U kunt Catalog Explorer ook gebruiken om de status Alleen-lezen te wijzigen nadat u een externe locatie hebt gemaakt:

  1. Klik in de zijbalk op Catalog pictogramCatalog.
  2. Klik op de pagina Snelle toegang op de knop Externe gegevens > om naar het tabblad Externe locaties te gaan.
  3. Select de externe locatie klikt u op het menu Actions menu naast de knop Verbinding testen en selectBewerken.
  4. Klik in het dialoogvenster Bewerken op Geavanceerde opties en select de Limit om alleen-lezen optie te gebruiken.
  5. Klik op Update.

Een externe locatie wijzigen

De eigenaar van een externe locatie of een gebruiker met de bevoegdheid MANAGE kan de naam van de URI wijzigen en de opslagreferentie van de externe locatie wijzigen.
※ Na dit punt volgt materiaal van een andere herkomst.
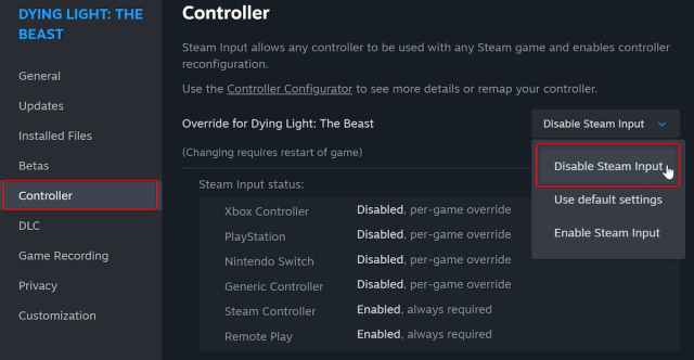 Luz de muerte: la bestia ofrece soporte nativo para los controladores de Xbox y PlayStation en la PC, lo que permite a los desarrolladores configurar perfiles individuales para cada tipo de controlador. Sin embargo, si su dualshock 4 o dualsense no funciona, esto significa que debe deshabilitar la entrada de vapor para que los perfiles correctos se carguen.

Ga als volgt te werk om de naam van een externe locatie te wijzigen:

Voer de volgende opdracht uit in een notebook of de Databricks SQL-editor. Vervang de tijdelijke aanduiding values:

  • <location-name>: De naam van de locatie.
  • <new-location-name>: Een nieuwe naam voor de locatie.
ALTER EXTERNAL LOCATION <location-name> RENAME TO <new-location-name>;

Ga als volgt te werk om de URI te wijzigen waarnaar een externe locatie in uw cloudtenant verwijst:

Voer de volgende opdracht uit in een notebook of de Databricks SQL-editor. Vervang de tijdelijke aanduiding values:

  • <location-name>: De naam van de externe locatie.
  • <url>: De nieuwe opslag-URL waartoe de locatie toegang moet verlenen in uw cloudtenant.
ALTER EXTERNAL LOCATION location_name SET URL '<url>' [FORCE];

Met de optie FORCE wordt de URL gewijzigd, zelfs als externe tables afhankelijk is van de externe locatie.

Ga als volgt te werk om de opslagreferenties te wijzigen die door een externe locatie worden gebruikt:

Voer de volgende opdracht uit in een notebook of de Databricks SQL-editor. Vervang de tijdelijke aanduiding values:

  • <location-name>: De naam van de externe locatie.
  • <credential-name>: De naam van de opslagreferentie die toegang verleent tot de URL van de locatie in uw cloudtenant.
ALTER EXTERNAL LOCATION <location-name> SET STORAGE CREDENTIAL <credential-name>;

Een externe locatie verwijderen

Als u een externe locatie wilt verwijderen (verwijderen), moet u de eigenaar zijn of de MANAGE bevoegdheid hebben op de externe locatie. Ga als volgt te werk om een externe locatie te verwijderen:

Voer de volgende opdracht uit in een notebook of de Databricks SQL-editor. Items tussen haakjes zijn optioneel. Vervang door <location-name> de naam van de externe locatie.